START Supplied material

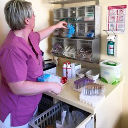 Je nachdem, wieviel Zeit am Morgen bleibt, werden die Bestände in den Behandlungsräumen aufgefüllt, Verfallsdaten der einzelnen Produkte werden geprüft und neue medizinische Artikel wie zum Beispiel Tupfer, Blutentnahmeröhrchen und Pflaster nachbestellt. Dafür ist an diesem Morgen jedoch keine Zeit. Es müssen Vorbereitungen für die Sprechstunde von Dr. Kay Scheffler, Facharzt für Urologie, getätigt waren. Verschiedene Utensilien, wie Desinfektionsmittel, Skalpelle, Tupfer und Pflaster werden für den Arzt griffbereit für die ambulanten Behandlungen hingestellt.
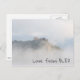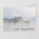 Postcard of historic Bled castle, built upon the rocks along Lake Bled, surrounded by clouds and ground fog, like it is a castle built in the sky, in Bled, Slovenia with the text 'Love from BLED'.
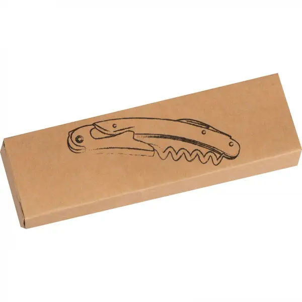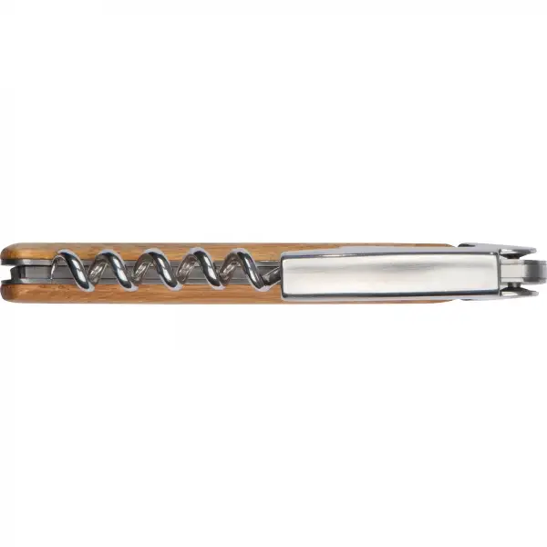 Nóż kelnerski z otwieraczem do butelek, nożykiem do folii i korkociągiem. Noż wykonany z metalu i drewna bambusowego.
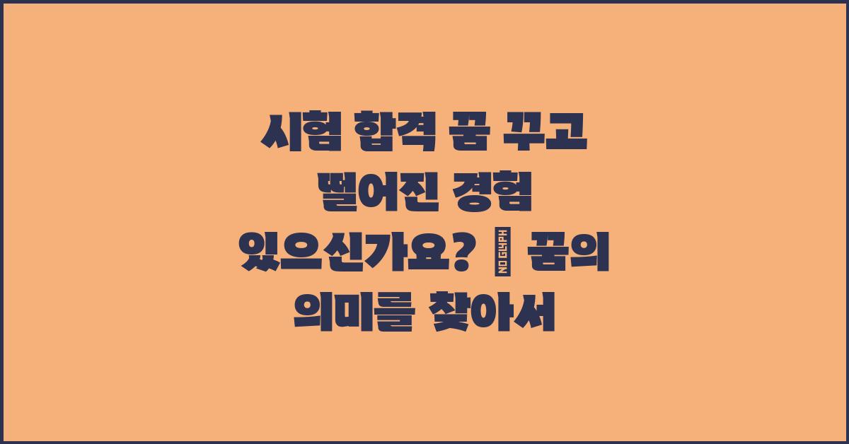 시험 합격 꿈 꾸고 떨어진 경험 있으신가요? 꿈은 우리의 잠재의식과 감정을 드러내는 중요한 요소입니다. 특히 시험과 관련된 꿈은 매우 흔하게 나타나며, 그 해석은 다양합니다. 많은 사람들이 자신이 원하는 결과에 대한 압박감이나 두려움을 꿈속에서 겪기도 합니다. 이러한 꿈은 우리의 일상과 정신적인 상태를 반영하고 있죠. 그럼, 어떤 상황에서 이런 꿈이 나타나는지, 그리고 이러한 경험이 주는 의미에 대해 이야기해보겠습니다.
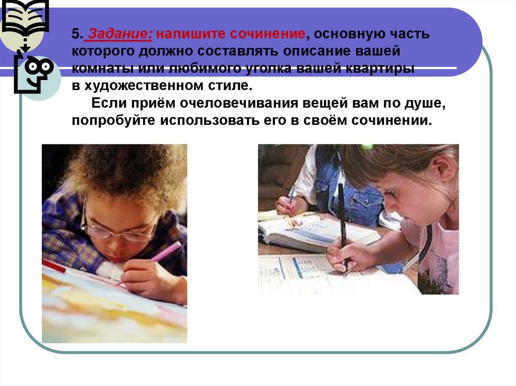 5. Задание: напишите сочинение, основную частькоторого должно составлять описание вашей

END Supplied material

▶ [Assigned task] Give again, word for word, the line containing "Postcard of historic" and every line after it to the end of the records; leave out the pictures.

▶ [The completed task]
 Postcard of historic Bled castle, built upon the rocks along Lake Bled, surrounded by clouds and ground fog, like it is a castle built in the sky, in Bled, Slovenia with the text 'Love from BLED'.
 Nóż kelnerski z otwieraczem do butelek, nożykiem do folii i korkociągiem. Noż wykonany z metalu i drewna bambusowego.
 시험 합격 꿈 꾸고 떨어진 경험 있으신가요? 꿈은 우리의 잠재의식과 감정을 드러내는 중요한 요소입니다. 특히 시험과 관련된 꿈은 매우 흔하게 나타나며, 그 해석은 다양합니다. 많은 사람들이 자신이 원하는 결과에 대한 압박감이나 두려움을 꿈속에서 겪기도 합니다. 이러한 꿈은 우리의 일상과 정신적인 상태를 반영하고 있죠. 그럼, 어떤 상황에서 이런 꿈이 나타나는지, 그리고 이러한 경험이 주는 의미에 대해 이야기해보겠습니다.
 5. Задание: напишите сочинение, основную частькоторого должно составлять описание вашей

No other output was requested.